Ciao Rituccia, ormai ero rimasto forse solo io a chiamarti così, come ti chiamava nostro padre che tra tutti i figli vedeva solo te, prendeva in braccio solo te, la più piccola, provocando la gelosia di noi, i figli maschi più grandi che per indispettirti ti raccontavamo che tu non eri, come noi, figlia dei nostri genitori ma eri stata adottata da una famiglia di povera gente che non ti avevano chiamato Rita, ma Scurpidda.

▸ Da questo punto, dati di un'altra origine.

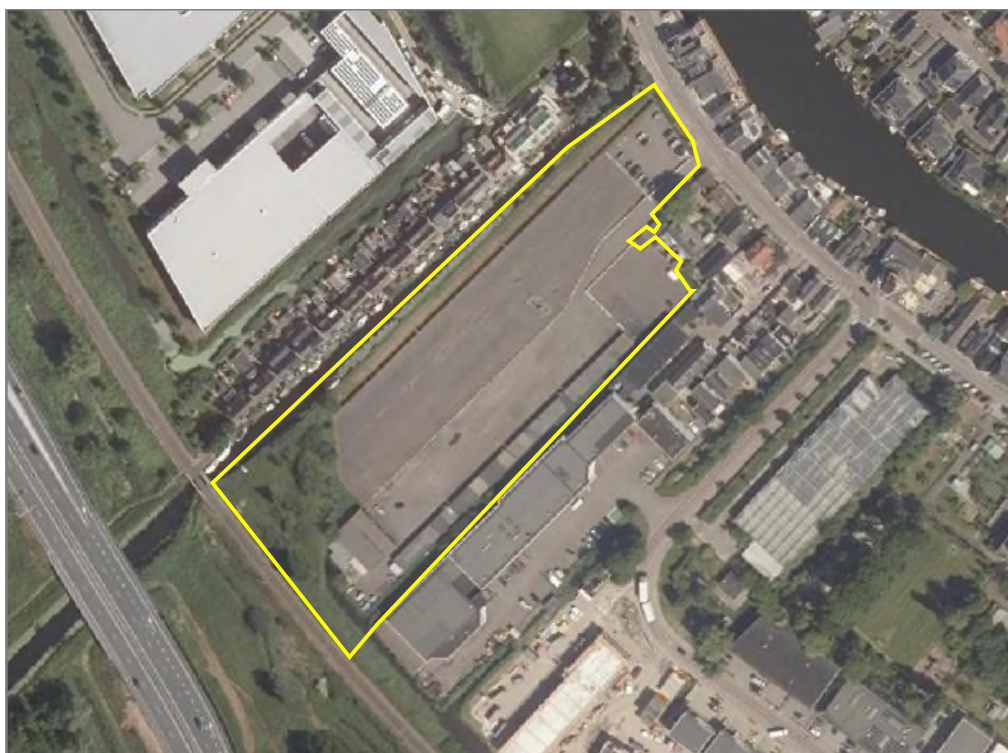
Figuur 2.2: Begrenzing van het plangebied.

E tu scoppiavi a piangere ma poi, poco dopo, dimenticavi tutto e tornavi a cercarci per avere le nostre carezze con quel tuo sorriso che ti faceva splendere il viso già da piccola e al quale non potevamo resistere.

Quel tuo sorriso che hai voluto portarti via troppo presto per andare a cercare quella Verità per cui hai tanto combattuto direttamente da Paolo, da nostra madre, da Adele, l’altra nostra sorella, la più grande, quella che chiamavamo ‘materna’ solo perché aveva qualche anno più di noi e per questo preferiva stare con i ‘grandi’ piuttosto che partecipare ai nostri giochi troppo ‘da piccoli’.

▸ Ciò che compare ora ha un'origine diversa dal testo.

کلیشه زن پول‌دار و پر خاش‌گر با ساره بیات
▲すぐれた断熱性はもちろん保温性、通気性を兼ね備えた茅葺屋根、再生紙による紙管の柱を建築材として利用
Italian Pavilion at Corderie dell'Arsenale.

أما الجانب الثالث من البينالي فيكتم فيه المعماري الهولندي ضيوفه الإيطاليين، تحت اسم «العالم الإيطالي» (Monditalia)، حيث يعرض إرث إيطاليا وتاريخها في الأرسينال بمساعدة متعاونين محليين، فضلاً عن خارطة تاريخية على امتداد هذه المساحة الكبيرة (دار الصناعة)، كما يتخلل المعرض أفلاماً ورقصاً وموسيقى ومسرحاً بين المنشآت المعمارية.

Tu adesso sai la Verità ma mi hai lasciato da solo a lottare, su questa terra, per la Verità e per la Giustizia per quelle stragi che nel ’92 hanno cambiato la nostra vita.

Ma non temere, non smetterò di lottare, non mi sento solo, non mi sento più debole.

Se prima avevo soltanto la luce di Paolo a rischiararmi la strada, a dare forza alle mie gambe, alle mie parole, adesso ci sarà anche la tua.

Se prima avevo solo il sogno di Paolo per cui combattere fino all’ultimo giorno della nostra vita, come ci aveva fatto promettere nostra madre quando ci aveva chiamati il giorno dopo quel tremendo 19 luglio, adesso avrò anche il tuo sogno per cui combattere e non sarà difficile perché il tuo, come quello di Paolo, è soltanto un sogno d’amore.